CPS reports cases of fish poisoning | THE DAILY HERALD


PHILIPSBURG–The Collective Prevention Service (CPS), as a public health agency, is advising the public to pay attention to proper food handling procedures when preparing meals.

  CPS said the department had received reports of four cases of fish poisoning September 5 and 7.

  “As with all reportable diseases, CPS surveillance nurses conduct case follow-up to identify the possible source(s) of exposure,” CPS said on Thursday. During the investigation, it came to light that the purchasing, storage, and preparation of the seafood played a major role in the source of food poisoning.

  “CPS would like to remind persons when purchasing fish, or any type of sea food, that it is important to handle the products safely to reduce the risk of foodborne illness often called food poisoning,” said the department.

  CPS further listed several safe-handling tips for buying, preparing, and storing fish. Persons are advised to only purchase fish that is refrigerated or displayed on a thick bed of fresh ice (preferably in a case or under some type of cover).

  The fish colour can be affected by several factors, including diet, environment, and treatment with a colour fixative such as carbon monoxide or other packaging processes. Colour alone is not an indicator of freshness.

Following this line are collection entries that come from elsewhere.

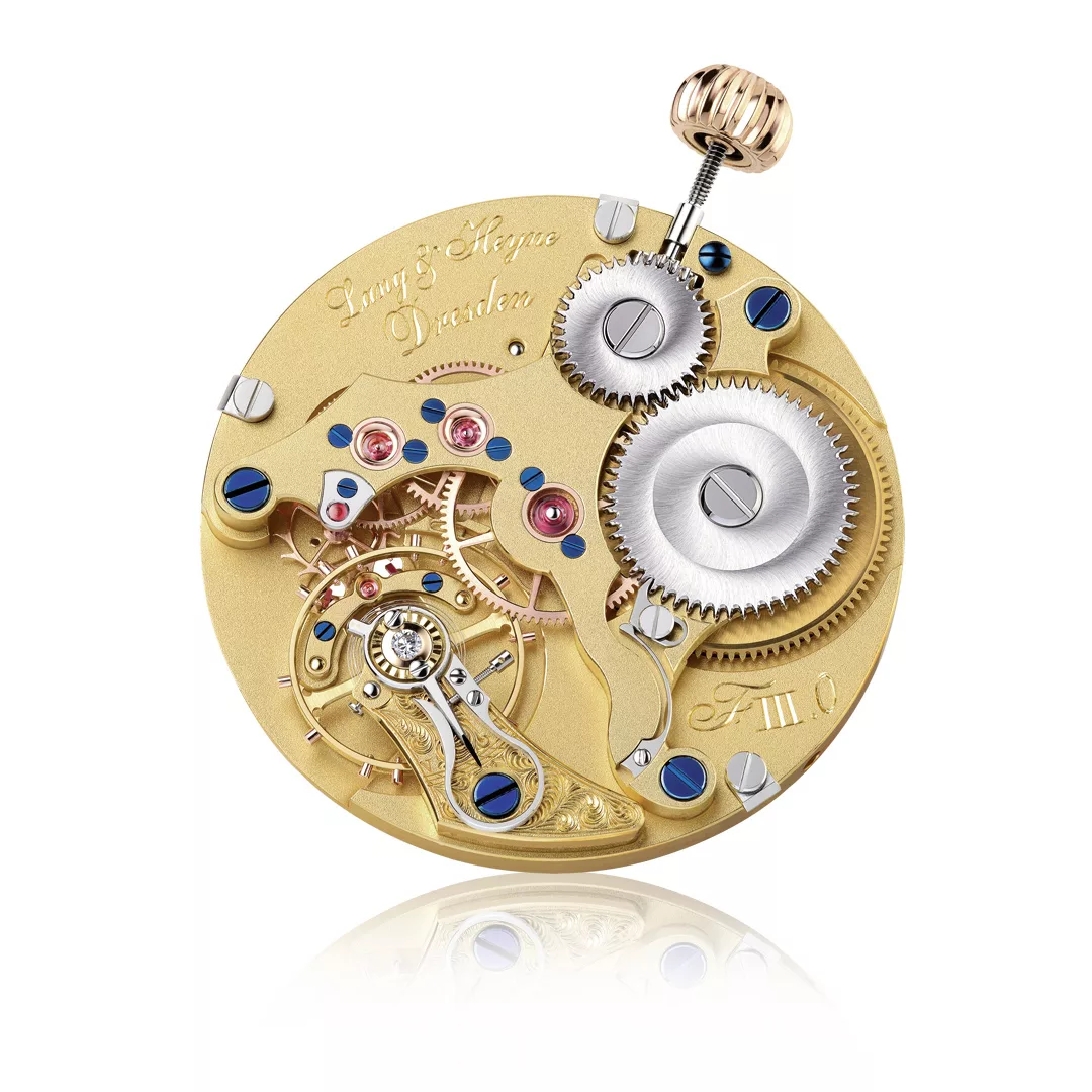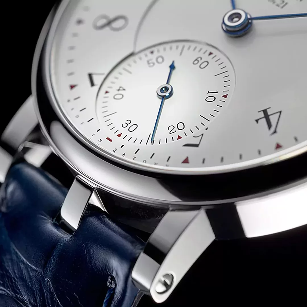 Reflecting the piety of its namesake, the Friedrich II timepiece is reduced to the essentials. The double-sunk dial is made of bright white lacquer and the chamfers are diamond-polished and rhodium-plated for finesse. The concentric Art Deco numerals and oversized, eccentric second give Freidrich II a fresh, uncomplicated style. Because the movement is inserted into the case from the front side, it is possible to adopt a larger dial, further enhancing the openness of this model.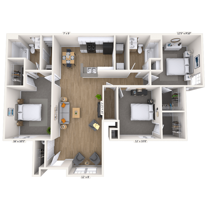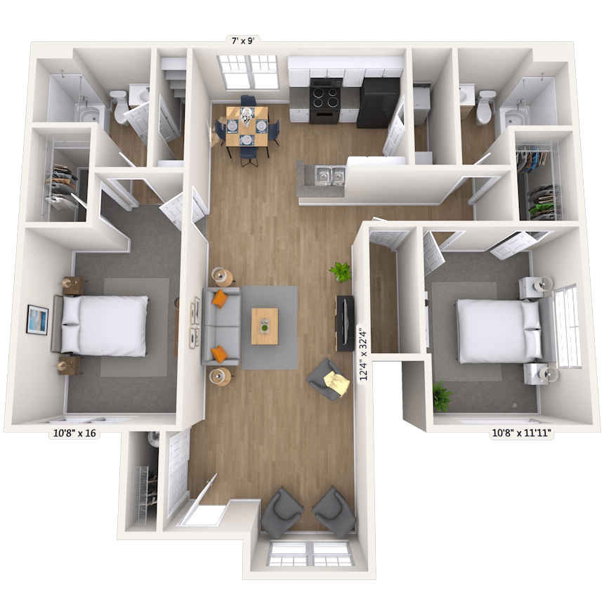 Modelo de apartamento: 11ADesde $1,7581 Dormitorio, 1 Baño, 796 sq ftDisponible Ahora![]()
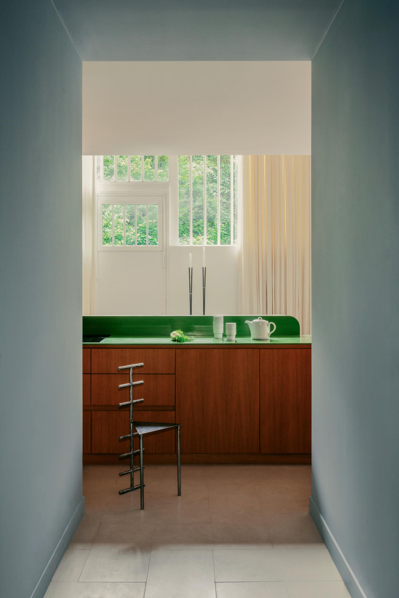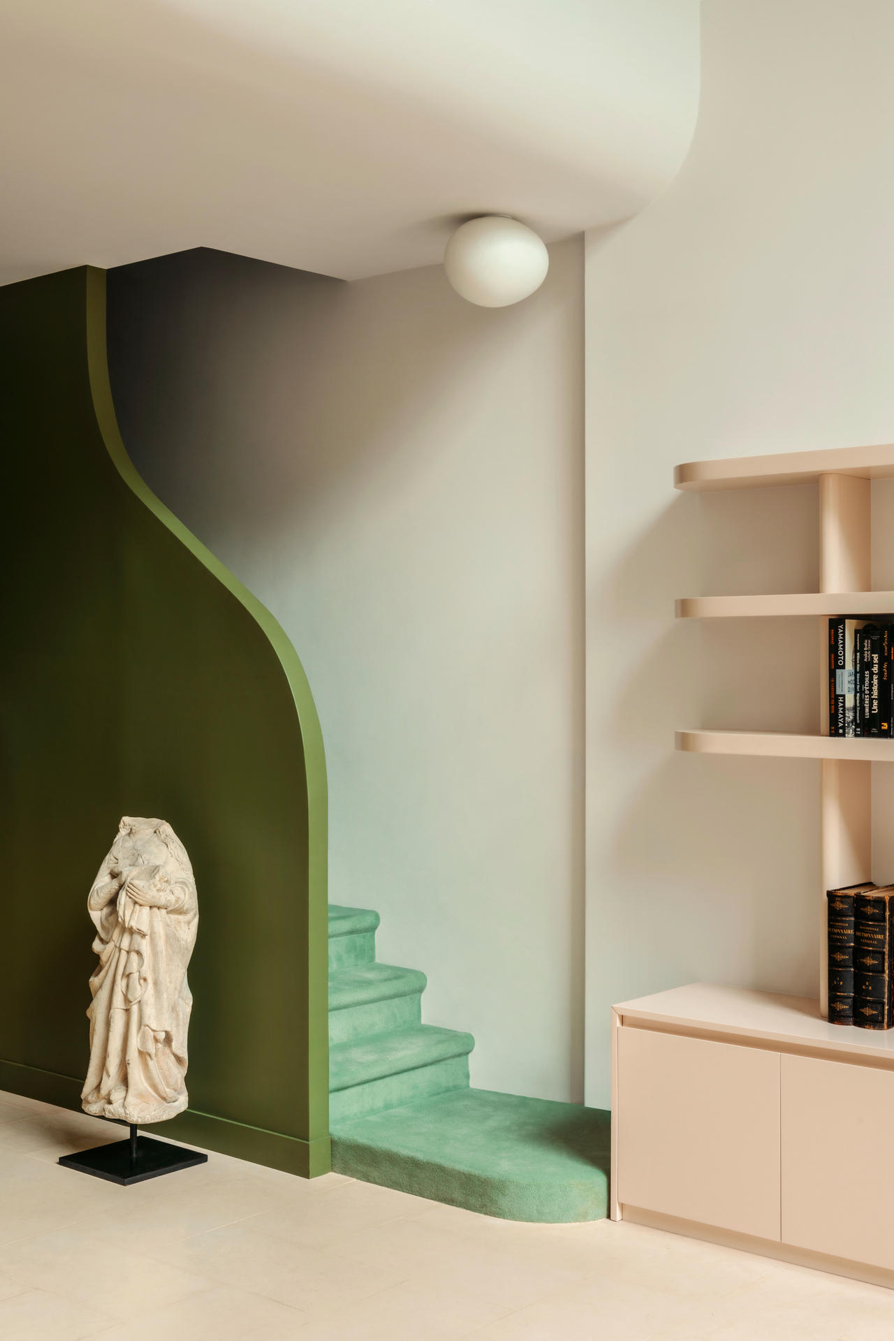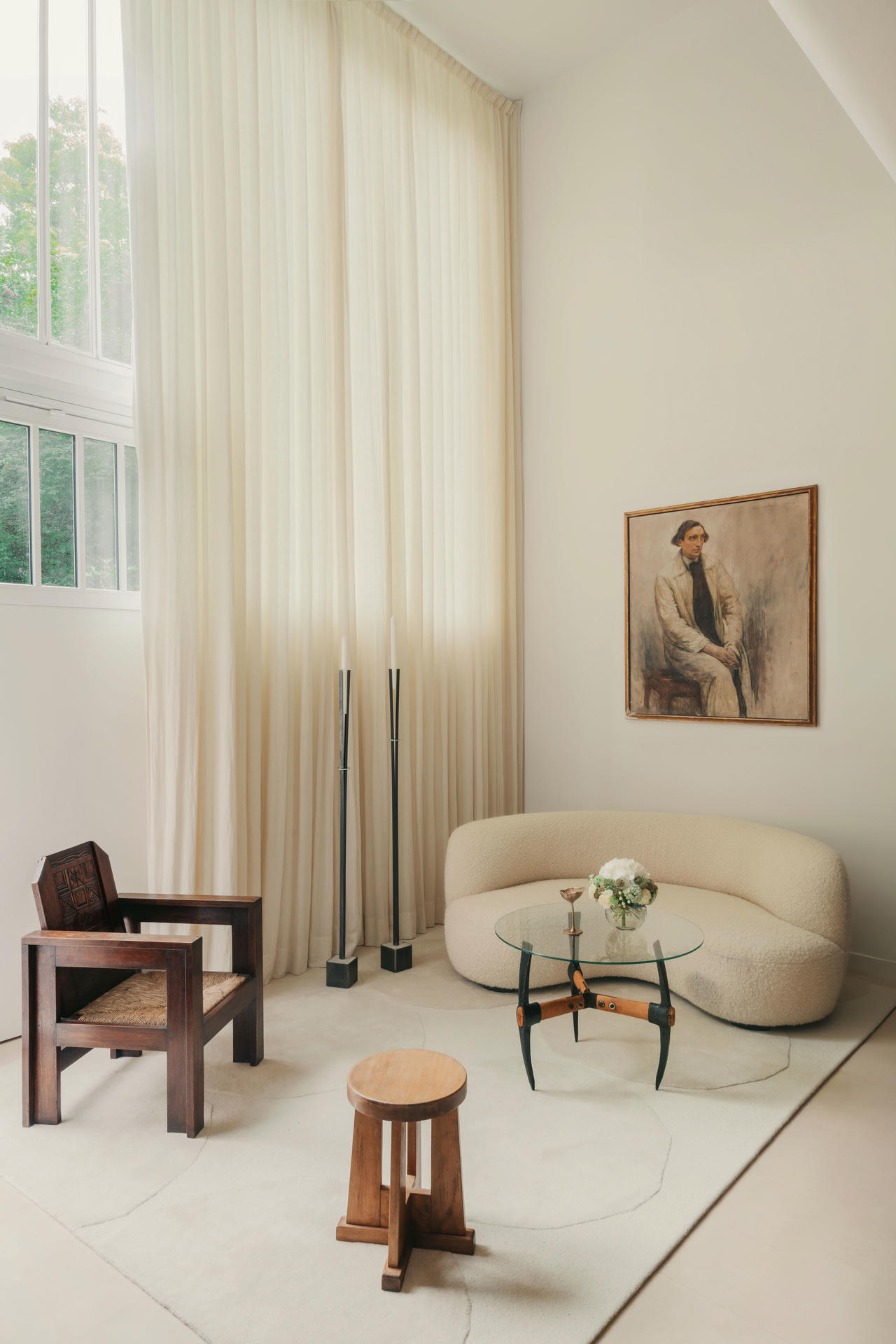 Mieszkanie zajmuje dwa poziomy w dwurodzinnym budynku zaprojektowanym przez Pierre’a Patouta i mieści się w dawnej przestrzeni atelier. Przez lata pracowali tu artyści, a monumentalne okna wychodzące na zieleń dawnej linii kolejowej zapewniały idealne warunki do pracy twórczej. Nowa właścicielka, związana zawodowo z branżą luksusową, chciała zachować ten klimat, jednocześnie przekształcając wnętrze w nieco bardziej funkcjonalną przestrzeń.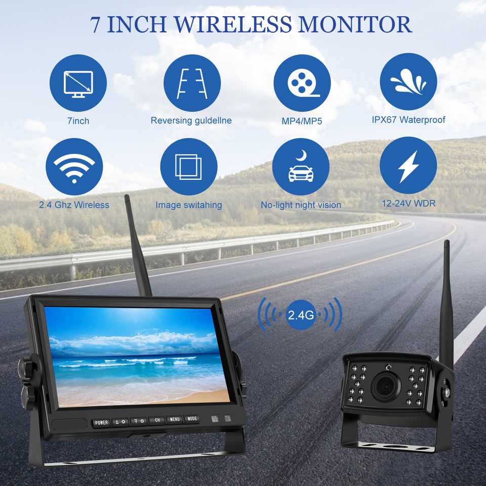 7-inch LCD 720p 4-channel Wireless Vehicle-mounted Truck Monitoring Display 360 Panoramic Image Recorder Multi-Language Support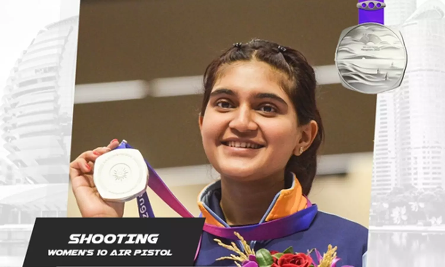 The shooter combined with Manu Bhaker and Rhythm Sangwan to win gold medal in the women's 25m pistol event. She clinched silver in the women's individual 25m pistol event.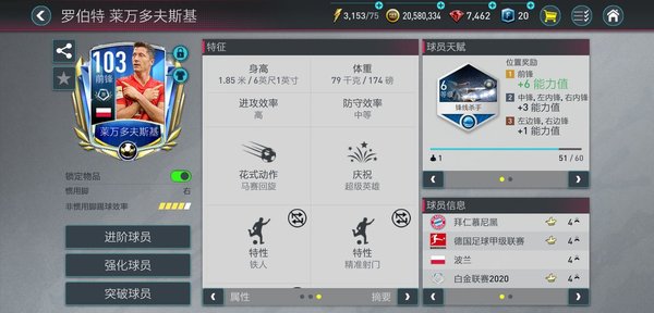 莱万多夫斯基数值不高但是呢你认真看一下,这个卡能算的上一张好卡了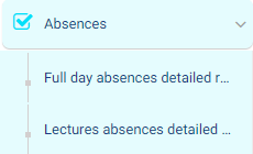 This feature allows you to generate students’ full-day absences detailed report and students’ lectures absences detailed report.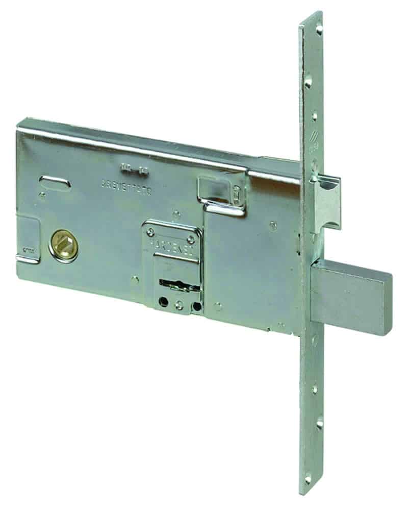 Serratura a doppia mappa da infilare per fasce. 4 mandate e scrocco, copritoppa da saldare, protezione antitrapano, 2 chiavi, zincata, scatola mm. 166×82.

  Fish should smell fresh and mild, not fishy, sour or ammonia-like; a fish’s eyes should be clean and shiny; whole fish should have firm flesh and red gills with no odour.

  Fish can spoil during transport if it is left at warm temperatures for too long before cooking.

  CPS noted that it is important to store fish properly – on ice or in the refrigerator or freezer soon after buying it.

  If seafood will be used within two days after purchase, store it in a clean refrigerator at a temperature of 40 degrees Fahrenheit (F) or below. Wrap it tightly in plastic, foil or moisture-proof paper and store it in the freezer.

  When preparing fresh or thawed seafood, avoid cross-contamination by preventing bacteria from fish spreading to ready-to-eat foods. To prevent cross contamination, keep fish separate from raw seafood by dividers.

  Wash hands for at least 20 seconds with soap and warm water after handling any raw food.

  Wash cutting boards, dishes, utensils and countertops with soap and hot water between the preparation of raw foods such as seafood and the preparation of cooked or ready-to-eat foods.

  For added protection, kitchen sanitisers can be used on cutting boards and countertops after use, or a solution of one tablespoon of unscented liquid chlorine bleach per gallon of water.

  CPS said when purchasing fresh fish always walk with a cooler with cold elements or ice to keep your fish fresh, especially when you do not know how much time you will be on the road, to ensure the food you eat is safe and healthy.

  Most seafood should be cooked to an internal temperature of 145F. If a food thermometer is not available, there are other ways to determine whether seafood is cooked, for example, if the flesh of the fish is clear and separates easily with a fork.

  Leaving seafood or other perishable food out of the refrigerator for more than two hours or for more than one hour when temperatures are above 90F is not advised. Bacteria that can cause illness grow quickly at warm temperatures (between 40F and 140F).

  CPS noted that persons with weakened immune systems, children, older adults and pregnant women are at greater risk of foodborne illness and are more likely to have a lengthier illness, undergo hospitalisation or even die.

  Symptoms of foodborne illness are vomiting, nausea, diarrhoea, abdominal pain, flu-like symptoms such as fever, headache, and body ache.

  “It is imperative to ensure food safety from the purchase to the point of consuming fish and/or any other food, and always practise food safety. Be conscious of what and when you eat,” CPS advised.